I still identify with infertility, as if it were a chip I'd been given in AA, though in AA, you can stay forever, whereas with the "TTC" community -- "trying to conceive," in online parlance -- you leave the minute you succeed. Parents of multiples flock together and offer tremendous support, both tactical and abstract, and many of the twin moms I know probably conceived like I did, with DNA mixed in dishes and delivered by needle. Nevertheless, issues of post-infertility stress aren't explicitly broached. Most twin parents practice prison code: you don't ask what anyone else did to get there.
When I lived in TTC-land, I had a term for mothers prone to excess oversharing: vagina ladies. Into this category fell any woman who used Christmas parties to talk about the details of gory birth or tricky breastfeeding, while childless me wiggled one leg nervously at the dessert table, gobbling a Santa cookie. How much were you dilated? My nipples cracked and bled! Even before I knew the extent of my infertility, I didn't think that baby-driven hardships should be so defining.

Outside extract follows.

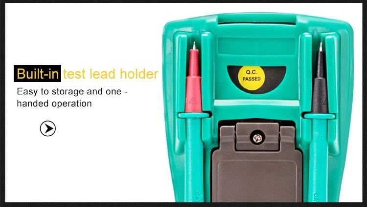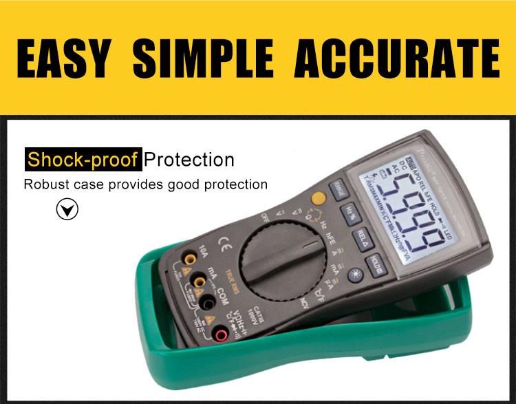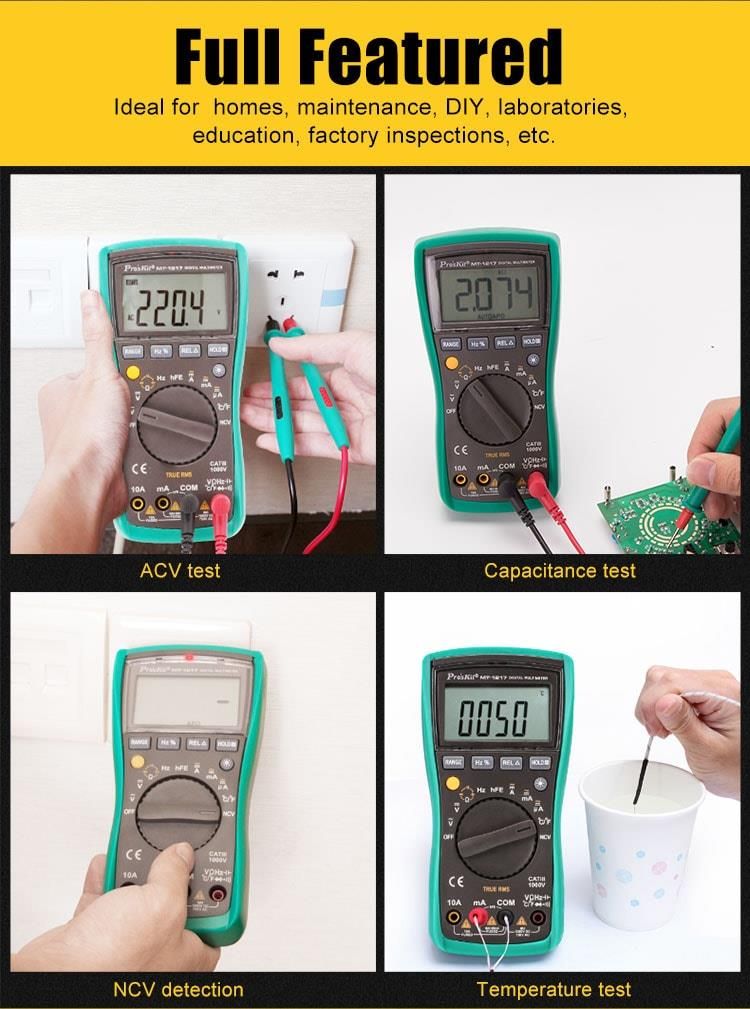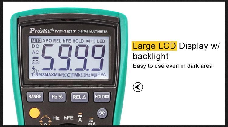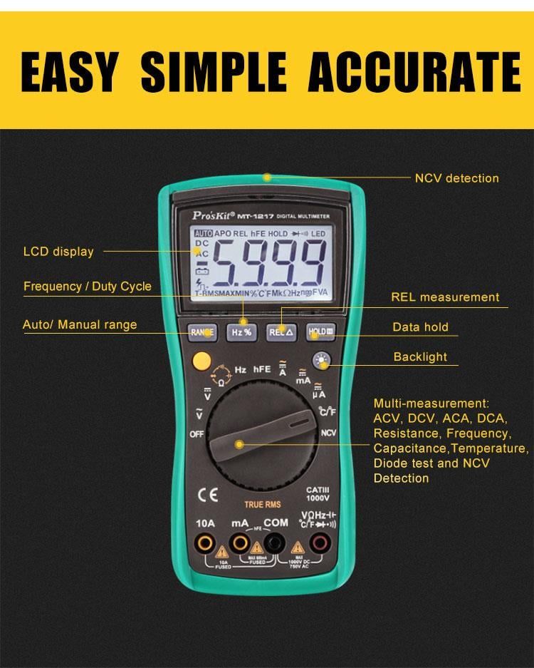 Pro'sKit MT-1217 là đồng hồ vạn năng kỹ thuật số 3 5/6 số (5999 counts) với khả năng đo True RMS, phù hợp cho các công việc kiểm tra và sửa chữa điện tử, điện dân dụng và công nghiệp. Thiết bị hỗ trợ đo điện áp, dòng điện AC/DC, điện trở, tụ điện, tần số, nhiệt độ, kiểm tra diode, transistor, và phát hiện điện áp không tiếp xúc (NCV). Màn hình LCD lớn 20mm với đèn nền giúp dễ dàng quan sát trong điều kiện ánh sáng yếu. Tính năng tự động tắt nguồn, giữ dữ liệu, đo tương đối và cảnh báo pin yếu mang lại sự tiện lợi và tiết kiệm năng lượng.

In reward for my foolish assumption, fate has deemed that I become a vagina lady myself. This is another odd dimension of my post-TTC existence -- becoming someone who would have once greatly annoyed me. I've got my double-wide stroller, the kind that used to make me shudder. Though I consider my twins a miracle, I like the miracle to sleep, and I sometimes complain when the miracle wears me out. Once, I would have considered this akin to whining about how my pile of money was so heavy it hurt my back to lift it.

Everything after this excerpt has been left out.